In 2001 and 2007 the Intergovernmental Panel on Climate Change (IPCC) (and here) estimated that the world would warm at a rate of 0.2 deg C per decade in the future due to greenhouse gas forcing. Since those predictions were made it has become clear that the world has not been warming at that rate. Some scientists retrospectively revised their forecasts saying that the 0.2 deg C figure is an average one. Larger or smaller rates of warming are possible as short-term variations.
Global warming simulations, some carried out by the UK Met Office (here, here and here), have been able to reproduce “standstills” in global warming of a decade or so while still maintaining the long-term 0.2 deg C per decade average. These decadal standstills occur about once every eight decades. However, such climate simulations have not been able to reproduce a 15-year standstill:
“Near-zero and even negative trends are common for intervals of a decade or less in the simulations, due to the model’s internal climate variability.
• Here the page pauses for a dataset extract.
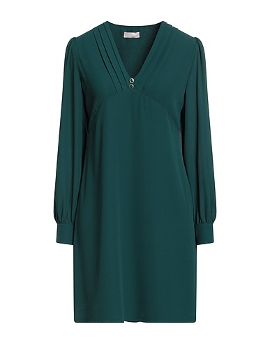 flared dress, crepe, solid color, button-embellished, pleated, v-neck, long sleeves, fully lined, zipper fastening, machine wash or dry clean, do not bleach, do not tumble dry, be the best-dressed bridesmaid or wedding guest with this designer piece, perfect for any ceremony
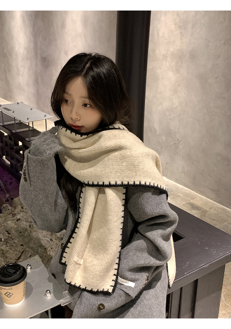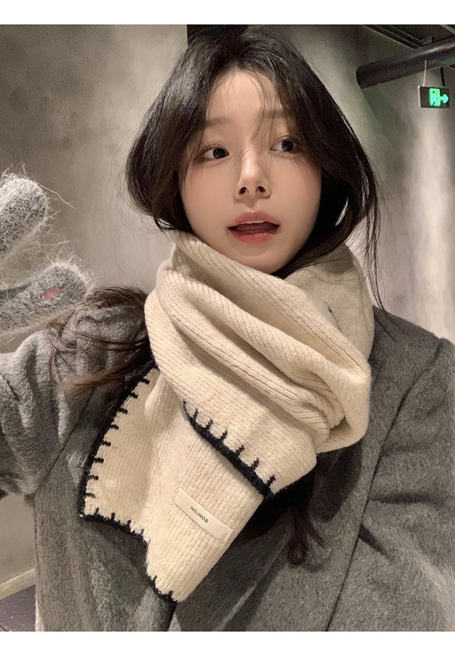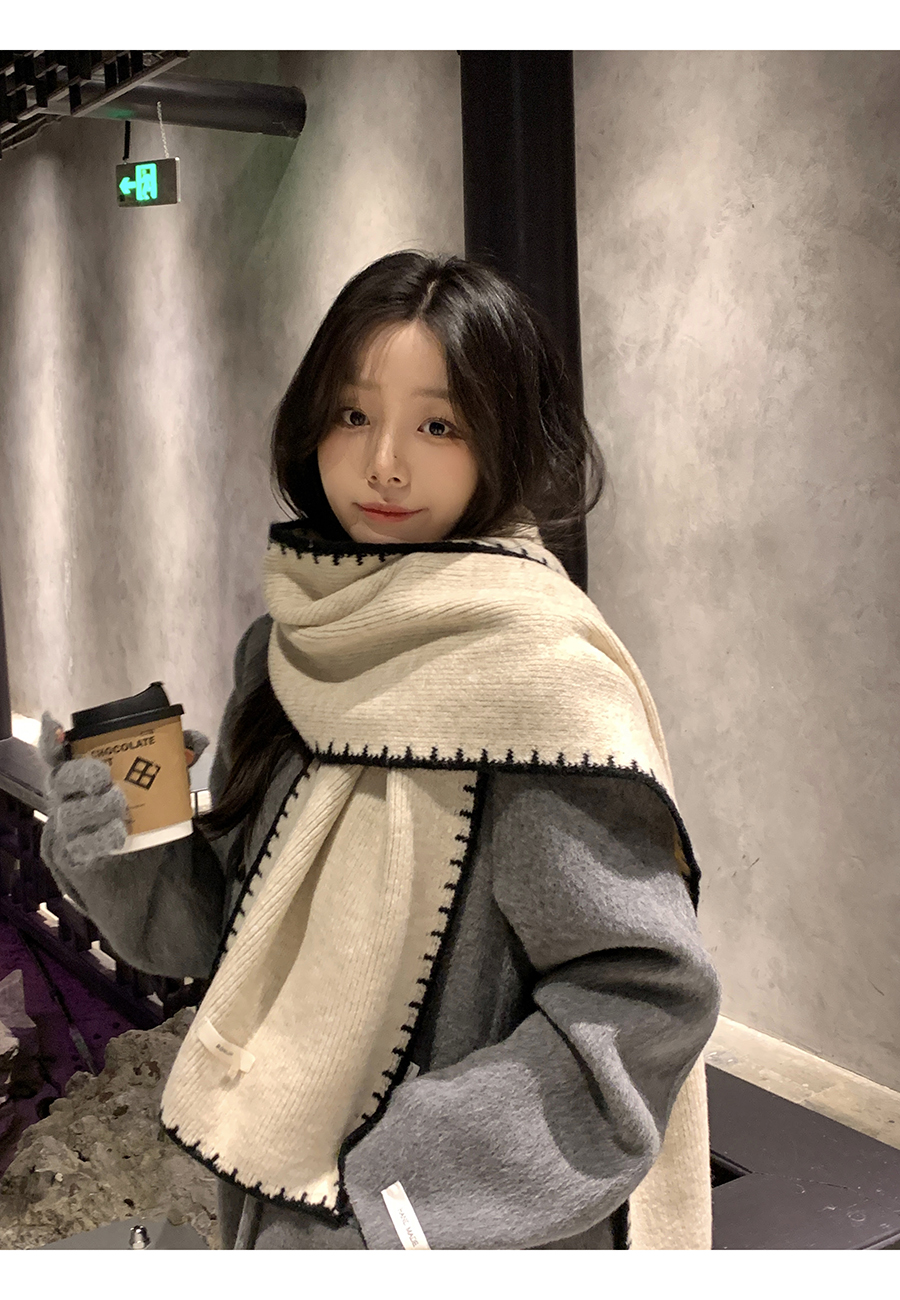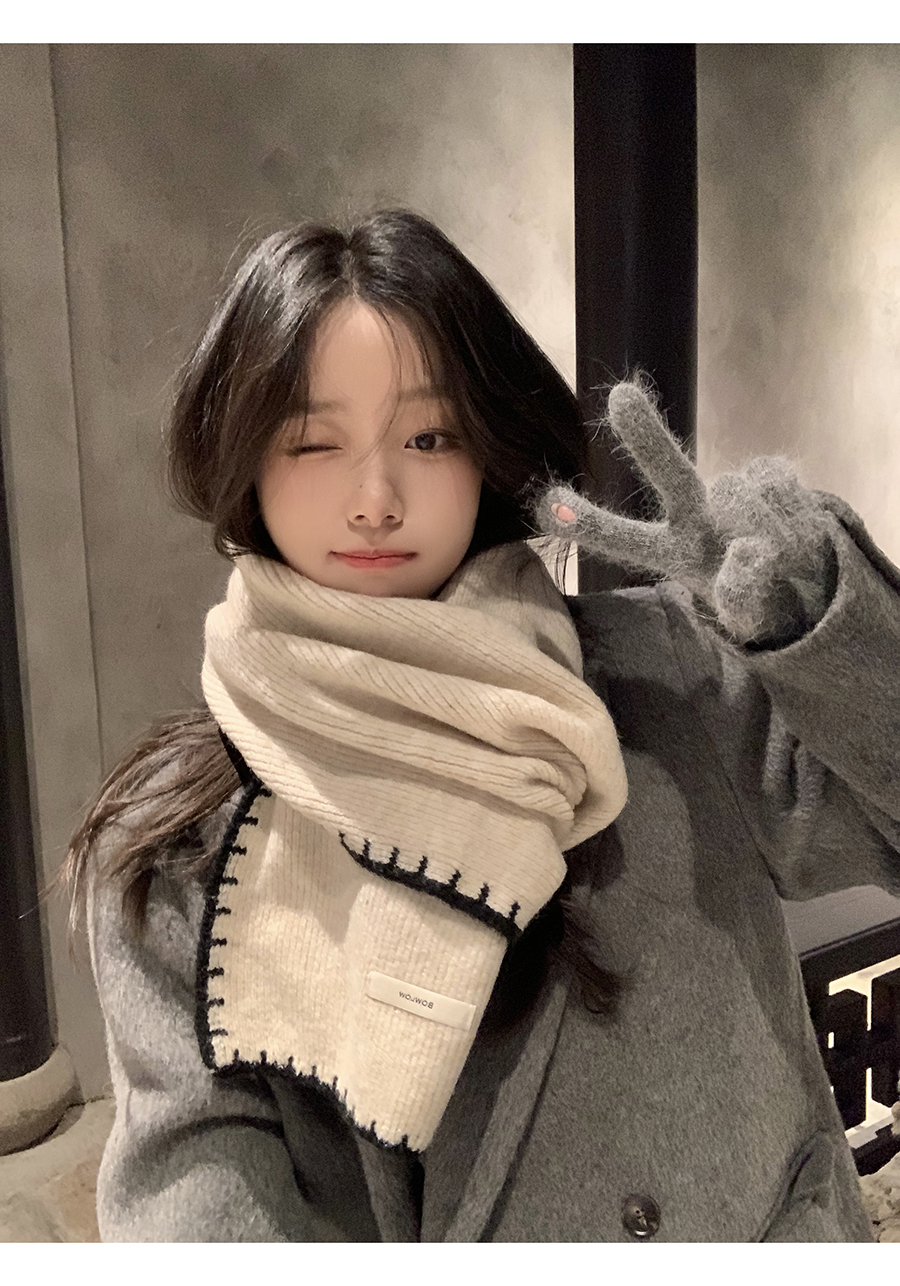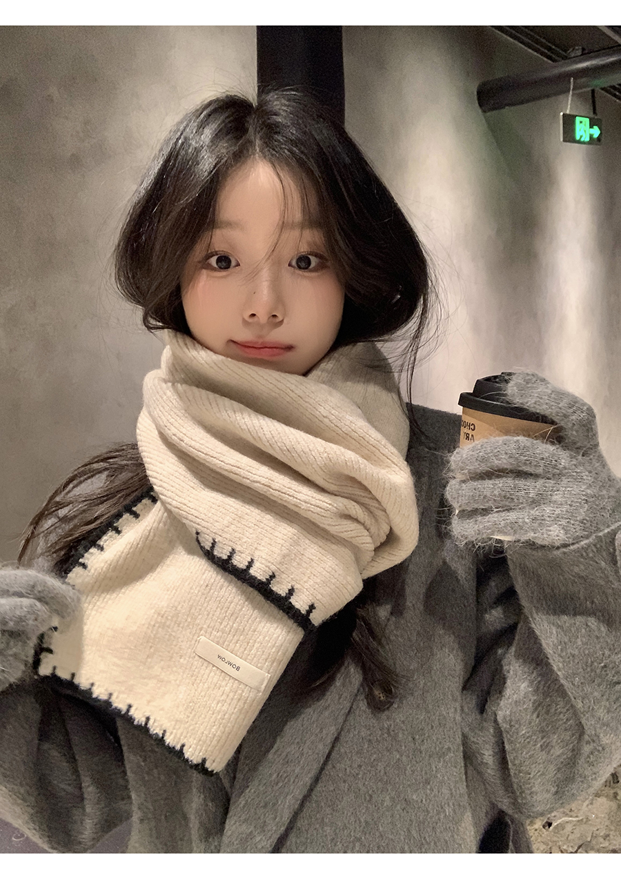 일본식 분위기 간단한 솔리드 컬러 니트 스카프 여성의 2024 새로운 겨울 따뜻한 방풍 올 매치 스카프스토어 가기

The simulations rule out (at the 95% level) zero trends for intervals of 15 yr or more, suggesting that an observed absence of warming of this duration is needed to create a discrepancy with the expected present-day warming rate" (NOAA 2008).
We also note a comment in an email sent by Professor Phil Jones of the University of East Anglia Climatic Research Unit: “Bottom line – the no upward trend has to continue for a total of 15 years before we get worried.”